US Federal Reserve (Fed) Governor Lisa Cook said on Wednesday that risks are skewed toward higher inflation, adding that she’s optimistic about inflation’s path yet cautious and vigilant.
Key quotes
Risks are skewed toward higher inflation.
US inflation has stalled persistently above 2% goal.
Optimistic about inflation’s path yet cautious and vigilant.
See economy growing slightly better than 2 percent this year.
Concerned about possible timing mismatch between costs of AI investment and increase in productivity.
Best thing Federal Reserve can do is ensure inflation returns to and stays at target.
It is anticipated that disinflation could resume as tariff effects recede, but there is much uncertainty.
US economy solid although some signs of worsening outlook for low and moderate income households.
It is essential to return to a disinflationary path and achieve the inflation target in the near future.

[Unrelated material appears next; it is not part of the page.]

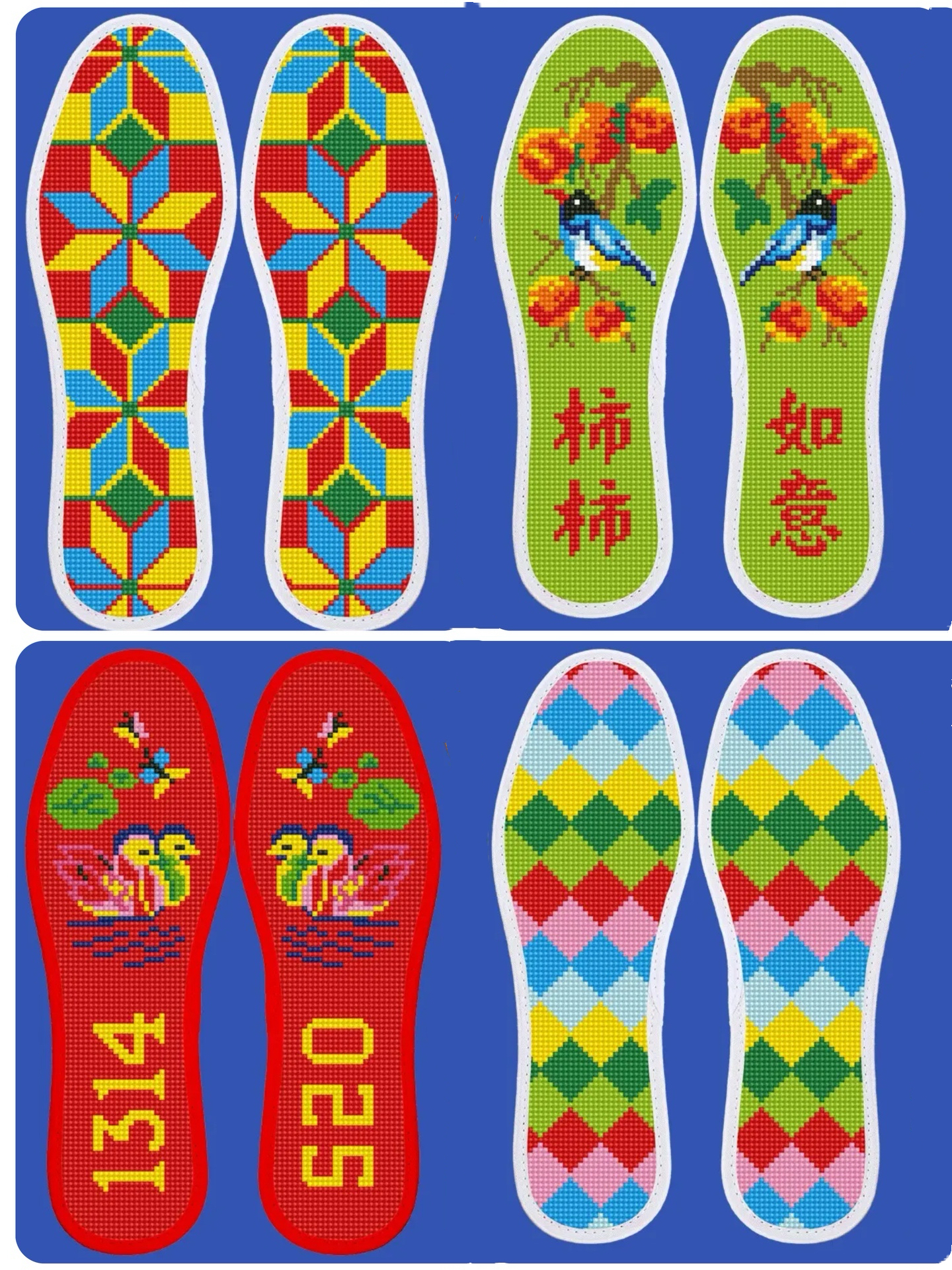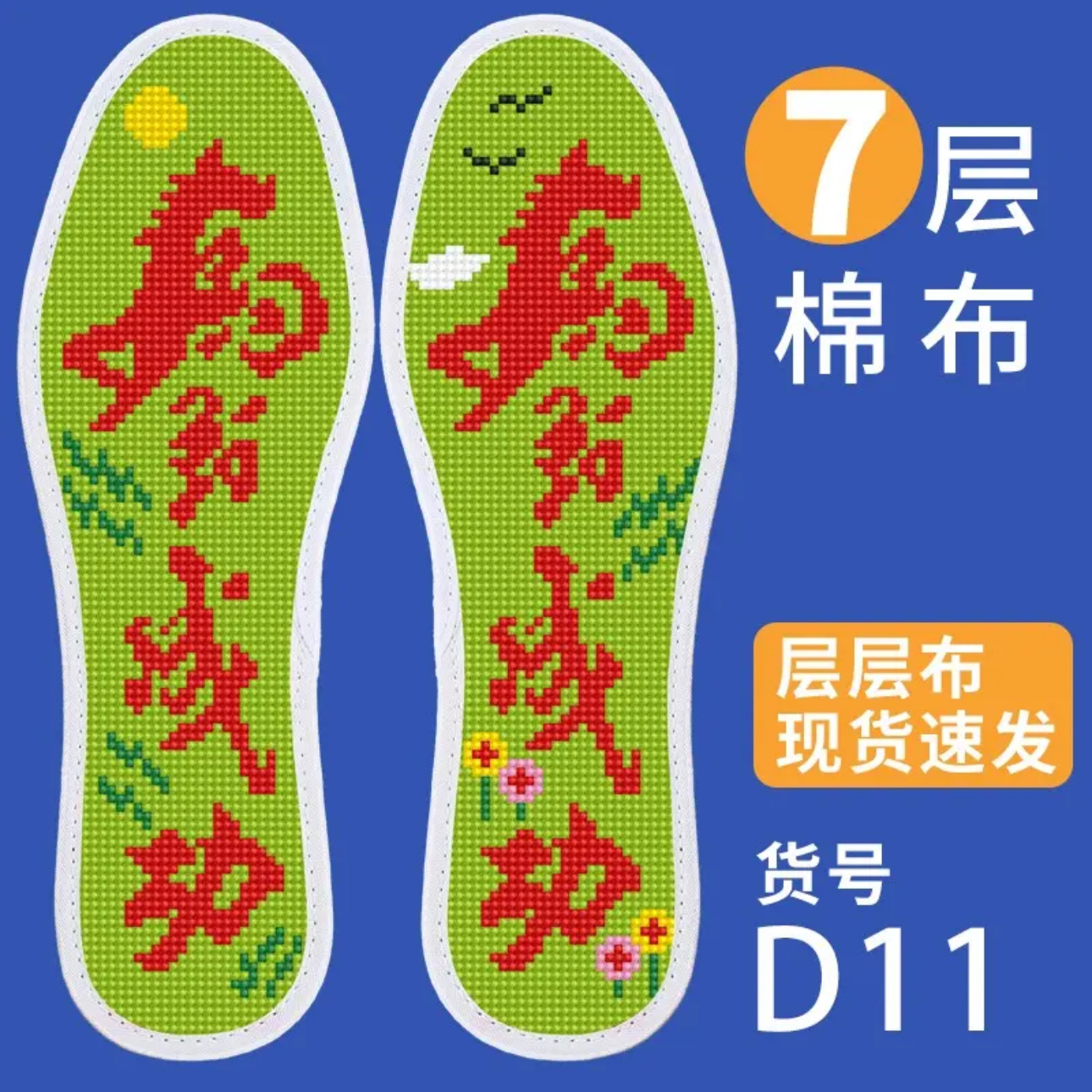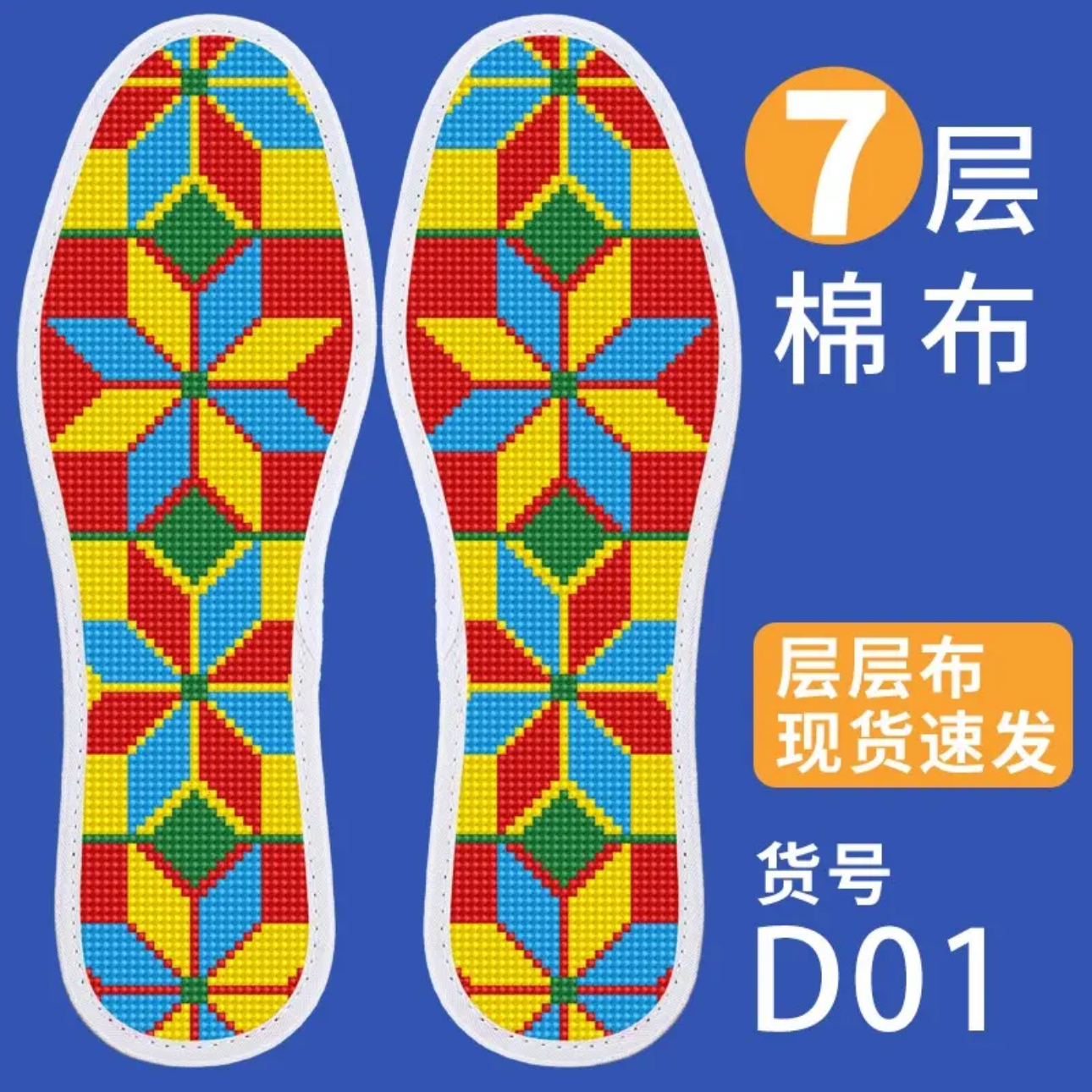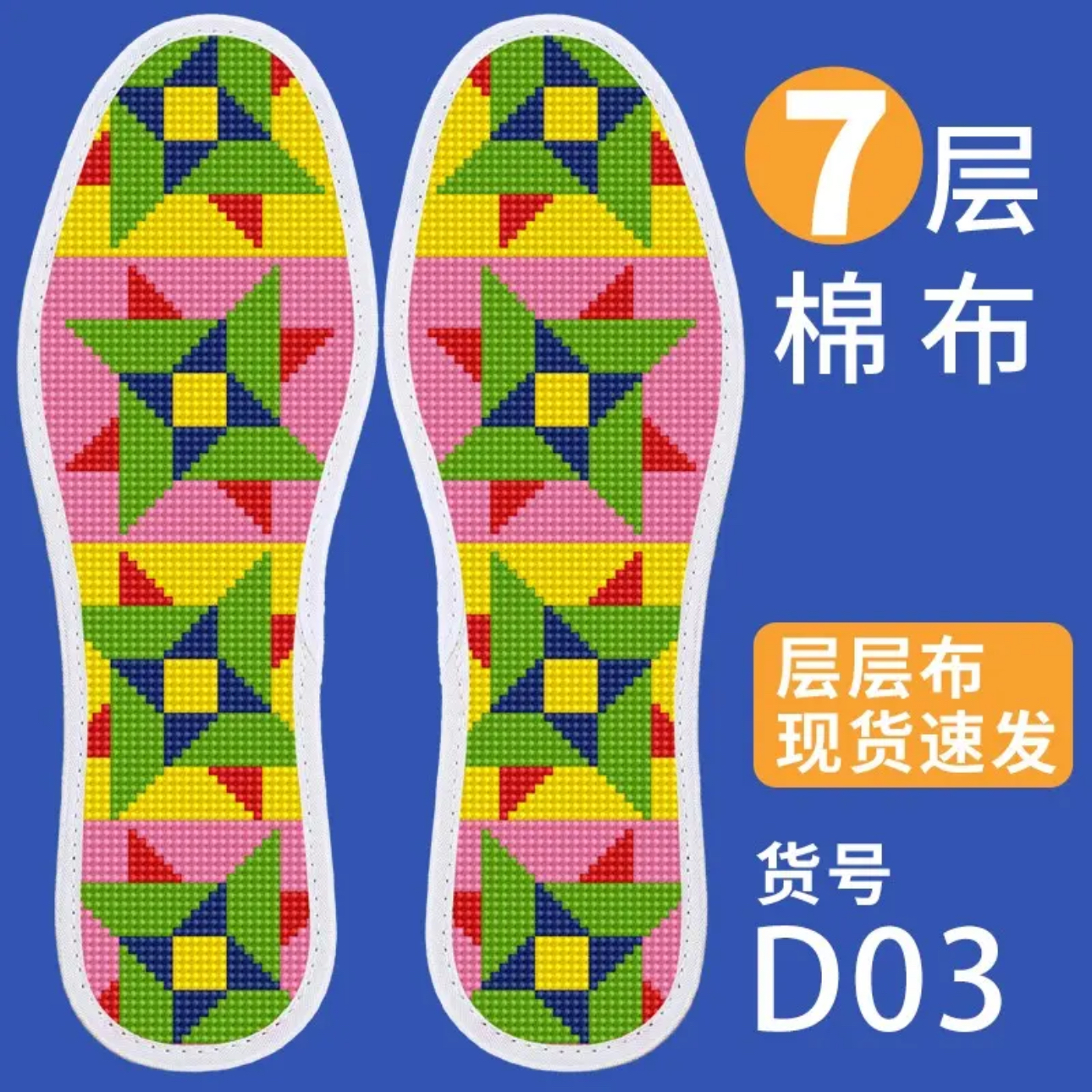 「大码」买二送一七层棉布十字绣鞋垫印花加厚自己绣半成品纯棉布

Weak consumer sentiment does not reveal a signal about an increase in slack that can be tackled with Fed policy rate.
I believe the labor market will continue to be supported by last year’s Federal Reserve rate cuts.
Labor market has stabilized and is approximately in balance, but highly attentive to potential for rapid shift.
Will not have anything today on recent legal proceedings. Will continue to carry out duties at Fed.
Look forward to getting to know Warsh but do not comment on candidates for Federal Reserve roles.
Last core personal consumption expenditures reading way above Federal Reserve target.
Goods inflation hopefully will dissipate quickly; once it does, we should be back on the disinflation path.
Have to monitor labor market very closely.
US monetary policy is somewhat restrictive.
It is the right time to sit back and wait to see what happens.
I want to wait to see what happens, considering long and variable delays.
Still a lot to monitor regarding financial stability, including credit.
Market reaction
At the time of writing, the US Dollar Index (DXY) is trading around 97.65, up 0.26% on the day.
Fed FAQs
Monetary policy in the US is shaped by the Federal Reserve (Fed). The Fed has two mandates: to achieve price stability and foster full employment. Its primary tool to achieve these goals is by adjusting interest rates.
When prices are rising too quickly and inflation is above the Fed’s 2% target, it raises interest rates, increasing borrowing costs throughout the economy. This results in a stronger US Dollar (USD) as it makes the US a more attractive place for international investors to park their money.
When inflation falls below 2% or the Unemployment Rate is too high, the Fed may lower interest rates to encourage borrowing, which weighs on the Greenback.
The Federal Reserve (Fed) holds eight policy meetings a year, where the Federal Open Market Committee (FOMC) assesses economic conditions and makes monetary policy decisions.
The FOMC is attended by twelve Fed officials – the seven members of the Board of Governors, the president of the Federal Reserve Bank of New York, and four of the remaining eleven regional Reserve Bank presidents, who serve one-year terms on a rotating basis.
In extreme situations, the Federal Reserve may resort to a policy named Quantitative Easing (QE). QE is the process by which the Fed substantially increases the flow of credit in a stuck financial system.
It is a non-standard policy measure used during crises or when inflation is extremely low. It was the Fed’s weapon of choice during the Great Financial Crisis in 2008. It involves the Fed printing more Dollars and using them to buy high grade bonds from financial institutions. QE usually weakens the US Dollar.
Quantitative tightening (QT) is the reverse process of QE, whereby the Federal Reserve stops buying bonds from financial institutions and does not reinvest the principal from the bonds it holds maturing, to purchase new bonds. It is usually positive for the value of the US Dollar.